ANCHORAGE (AP) -- The Army missile that exploded shortly after launch from Kodiak in November blew itself up ''inadvertently'' while a safety command was being transferred from the ground to a circling airplane, the Pentagon said Wednesday.
The failure of the $4 million project was the first at the state-owned Kodiak Launch Complex. The three-stage solid-fuel rocket, a modified Polaris missile, was to have flown parallel to the West Coast and splashed down off Mexico, testing missile-defense radar in California as it passed.
Instead, 56 seconds into its morning flight, it blew up, sending debris into the Coast Guard-designated safety zone south of Kodiak. There were no injuries. Officials said environmental damage was minimal.
At the time, Pat Ladner, executive director of the Alaska Aerospace Development Corp., said the missile was destroyed by the range safety officer when telemetry contact was lost.
As it turned out, the safety officer indeed pushed the destruct button. However, at that moment the missile was already in shreds and falling toward the water, incapable of sending telemetry signals, said Air Force spokesman Lt. Col. Richard Lehner of the Missile Defense Agency.
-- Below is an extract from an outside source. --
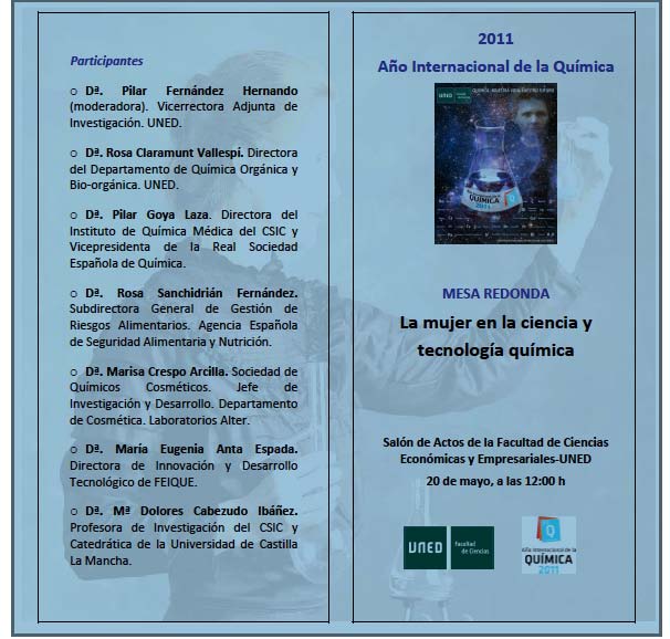 Dentro de las numerosas actividades que la UNED ha programado con motivo del Año Internacional de la Química, el próximo día 20 de mayo celebrará una mesa redonda con el tema La mujer en la ciencia y la tecnología química.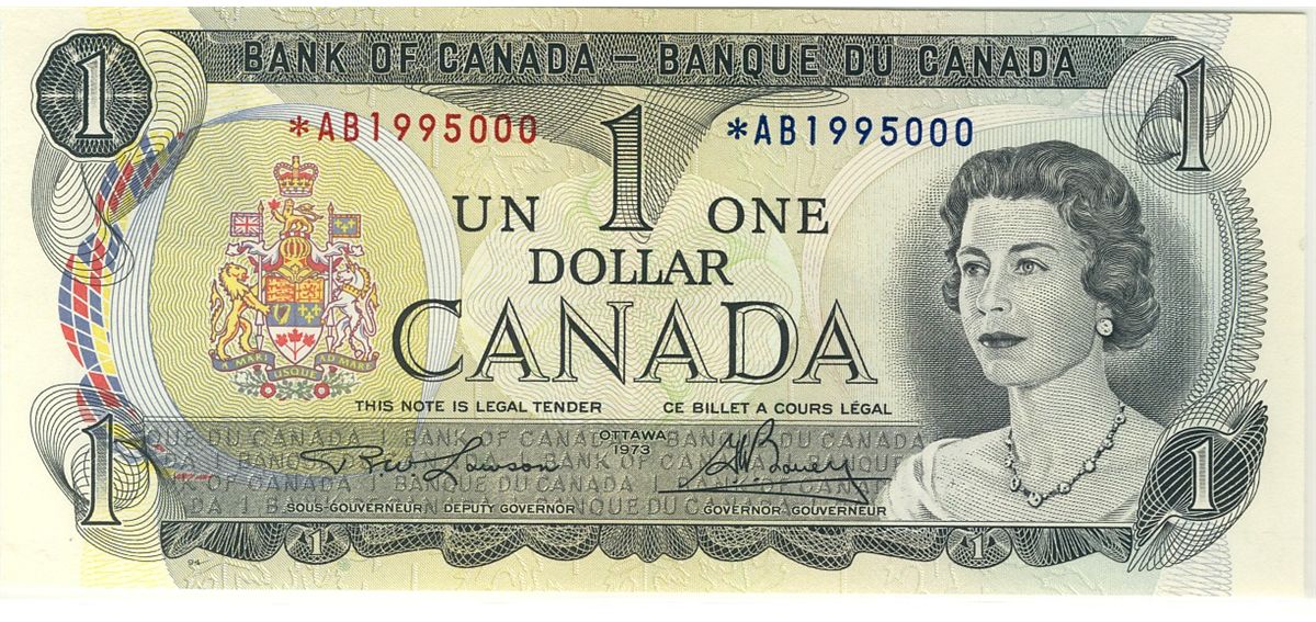 1973 $1 BC-46aA #*AB1995000 CCCS Gem UNC66. Strong and clean colours. So bright and attractive. Worth a premium bid. Will be difficult to improve on this one.

Lehner, who issued the results of an investigating board Wednesday, said the missile was right on track after it was launched at 8:12 a.m. Nov. 9. As planned, safety control was transferred from a ground-based safety officer to one with a better view aboard a P-3 Orion turboprop flying circles downrange.
''When they did the electronic handoff to aircraft, something electronically caused a signal to be sent to destroy the missile,'' Lehner said. Investigators were unable to determine whether the false signal was triggered by a computer software failure, an improper radio signal or a misinterpreted command by the missile's guidance system, he said.
A moment later, before the missile's destruction could be confirmed but after it stopped sending data, the safety officer on the Orion sent the irrelevant destruct command, Lehner said.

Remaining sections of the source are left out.